Varun Beverages Secures 10-Year PepsiCo Deal: Ravi Jaipuria’s $2.4B African Beverage Empire Expands
- Indian beverage giant Varun Beverages has locked in a landmark 23-year extension of its bottling partnership with PepsiCo, securing one of the longest-term beverage distribution agreements in Africa.
- The agreement, which runs until 2049, solidifies Varun Beverages’ position as PepsiCo’s exclusive bottler in key markets including Nigeria, Kenya, Uganda, Tanzania, Rwanda, Zambia, and Madagascar.
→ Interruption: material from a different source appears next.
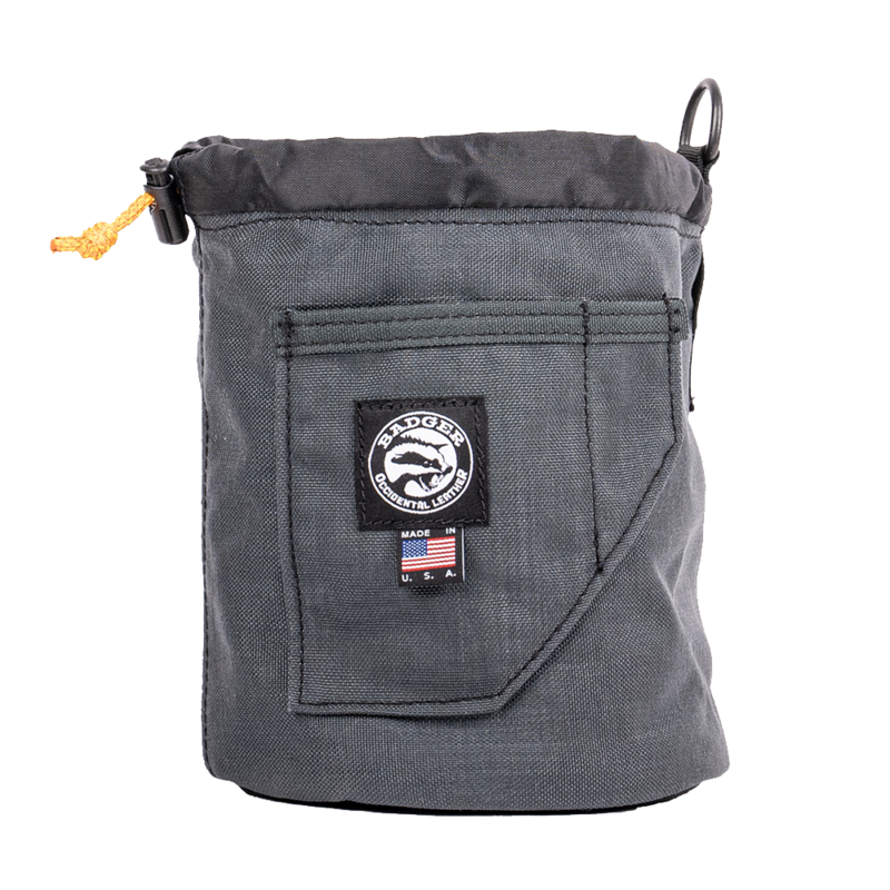Snørelukkingen sørger for at gjenstander ikke faller ut, men kan åpnes for å få plass til en hånd. Posen er laget av 1000D nylon i to lag, og bunnen av posene er laget av 1050D nylon i to lag for ekstra stivhet og slitestyrke. Badger Pro Pouches er tilgjengelig i 4 størrelser: Small (13 cm diameter x 15 høy), Medium (15 cm diameter x18 cm høy), Tall (15 cm diameter x 22 cm høy), Large (18 cm diameter x 20 cm høy) Produsert i USA med materialer fra USA

- For PepsiCo, the deal represents a long-term commitment to a partner that has become its primary growth engine in Africa.
Indian beverage giant Varun Beverages has locked in a landmark 23-year extension of its bottling partnership with PepsiCo, securing one of the longest-term beverage distribution agreements in Africa. The deal, announced this month, follows Varun’s rapid expansion across seven African markets where its revenue has now surpassed $2.4 billion, according to verified reporting from Business Insider Africa and Food Business Middle East & Africa.
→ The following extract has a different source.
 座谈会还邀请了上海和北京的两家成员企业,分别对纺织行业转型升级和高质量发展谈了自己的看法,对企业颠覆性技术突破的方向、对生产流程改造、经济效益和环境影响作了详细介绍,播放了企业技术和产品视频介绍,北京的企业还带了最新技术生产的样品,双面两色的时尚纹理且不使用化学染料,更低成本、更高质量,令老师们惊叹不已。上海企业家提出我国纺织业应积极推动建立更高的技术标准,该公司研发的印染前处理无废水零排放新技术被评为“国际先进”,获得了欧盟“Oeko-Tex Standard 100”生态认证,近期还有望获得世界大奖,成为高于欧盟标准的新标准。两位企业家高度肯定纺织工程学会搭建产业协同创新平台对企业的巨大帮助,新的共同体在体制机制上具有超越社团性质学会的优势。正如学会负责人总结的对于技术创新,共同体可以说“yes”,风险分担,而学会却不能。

The agreement, which runs until 2049, solidifies Varun Beverages’ position as PepsiCo’s exclusive bottler in key markets including Nigeria, Kenya, Uganda, Tanzania, Rwanda, Zambia, and Madagascar. The extension comes as Varun—backed by billionaire Ravi Jaipuria—has aggressively scaled its African operations, leveraging the partnership to dominate regional beverage distribution.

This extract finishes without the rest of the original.